I'm a newb. This is a good site in my new opinion. Beware of advice from people who don't know the hybrids. Even the Mitsubishi Auto Dealership in town is hesitant to work on Priuses.









Charging the 12 Volt Battery


We have a 2007 Prius and a 2015 Prius. I recently installed new 12 volt batteries in each. I wasn’t sure that these batteries were fully charged...




priuschat.com





The big one might cost you $2000. Using Occam's Razor's thought, that the simplest answer is usually the correct one, I'd assume the little battery is the problem.


----------



## Nik333 (Mar 1, 2015)

Are you sure you have gas?😈
My Prius even stumped 2 CHP when out of gas.
They don't like significant weather change. The car that is, the CHP, I don't know what their preferences are.


----------



## Unassailable (Aug 14, 2021)

The regular battery is in the trunk, rather than under the hood of a regular car. Mine lasted 7 years so not sure what's up with yours. Maybe you left the lights on. Do to the cost of the regular 12v battery, I just installed an optima.


----------



## rogerwh (Mar 1, 2021)

I have a snowbird friend and his 2012 Prius wouldn't start when he returned home from Arizona. We just hooked the charger up to the battery, under the hood. Battery under the hood is the starting battery. It took enough charge, in about two hours, to start the car.
I believe he found charging instructions in his manual.


----------



## Unassailable (Aug 14, 2021)

rogerwh said:


> I have a snowbird friend and his 2012 Prius wouldn't start when he returned home from Arizona. We just hooked the charger up to the battery, under the hood. Battery under the hood is the starting battery. It took enough charge, in about two hours, to start the car.
> I believe he found charging instructions in his manual.


Which Prius? 12v starting is in the trunk.


----------



## rogerwh (Mar 1, 2021)

Unassailable said:


> Which Prius? 12v starting is in the trunk.


I was talking about a 2012 Prius, how bout you?

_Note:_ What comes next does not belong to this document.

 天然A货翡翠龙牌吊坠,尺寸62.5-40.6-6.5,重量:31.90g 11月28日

Here is a pic of a 2017 Prius Prime.


----------



## Unassailable (Aug 14, 2021)

rogerwh said:


> I was talking about a 2012 Prius, how bout you?
> 
> Here is a pic of a 2017 Prius Prime.
> View attachment 669749


I am also talking about a 2012. We've owned ours since new. That's why I asked. I haven't known any gen 2 that had their battery in the engine bay. I could be wrong. That's why I was asking - so which model was it? Looks like there was the switch in 2016.

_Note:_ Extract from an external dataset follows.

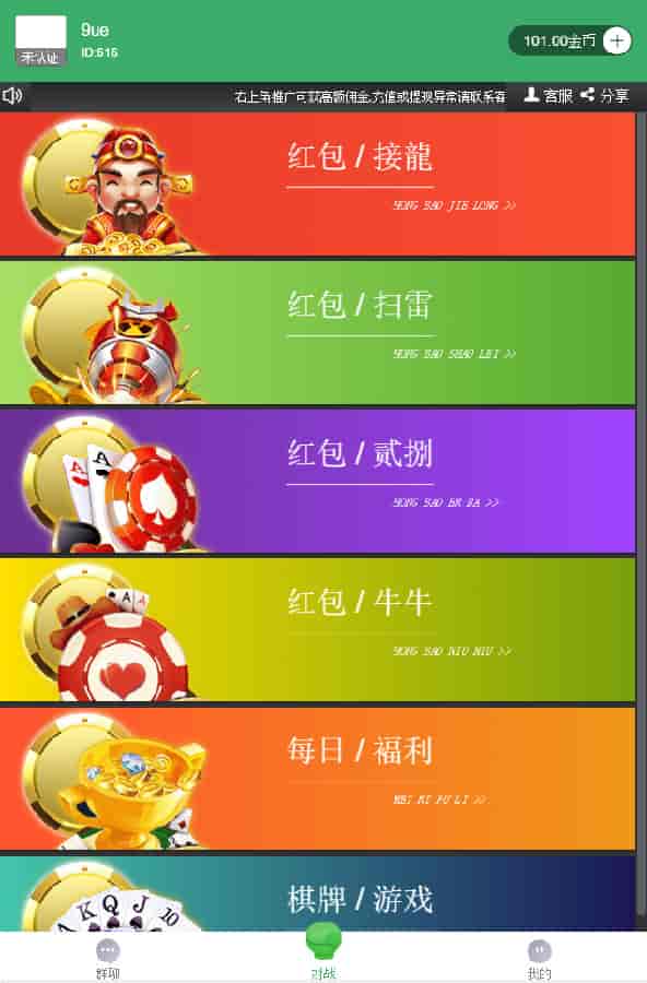 红包只直通车,NN二八杠扫雷红包接龙等等玩法多样,对接免公众号登录接口且支持网页打开,页面和UI均是一流,支持创建群聊,自带投诉入口,全修复完美可用版本。

Regardless of location, as mentioned before, the Prius has a separate starting battery that a lot of people only think the hybrid battery controls all electronics, which is not the case. If there was any issue due to the hybrid system, it would throw codes which you could figure out from the owners manual.


----------



## raylo32 (Nov 25, 2006)

I always wondered why Toyota included a separate starting battery and not just have a 12v tap from the hybrid motor battery. I suppose the idea might be that you could start and run the car even if the hybrid battery was dead but it is hard to imagine that it ever would be so dead that it couldn't start that teeny gas engine. And being that they have the separate starting battery why didn't they enable it to at least be able to start off the hybrid battery if and when the 12v starting battery is dead?




Unassailable said:


> Regardless of location, as mentioned before, the Prius has a separate starting battery that a lot of people only think the hybrid battery controls all electronics, which is not the case.


----------



## lenaitch (Feb 10, 2014)

raylo32 said:


> I always wondered why Toyota included a separate starting battery and not just have a 12v tap from the hybrid motor battery. I suppose the idea might be that you could start and run the car even if the hybrid battery was dead but it is hard to imagine that it ever would be so dead that it couldn't start that teeny gas engine. And being that they have the separate starting battery why didn't they enable it to at least be able to start off the hybrid battery if and when the 12v starting battery is dead?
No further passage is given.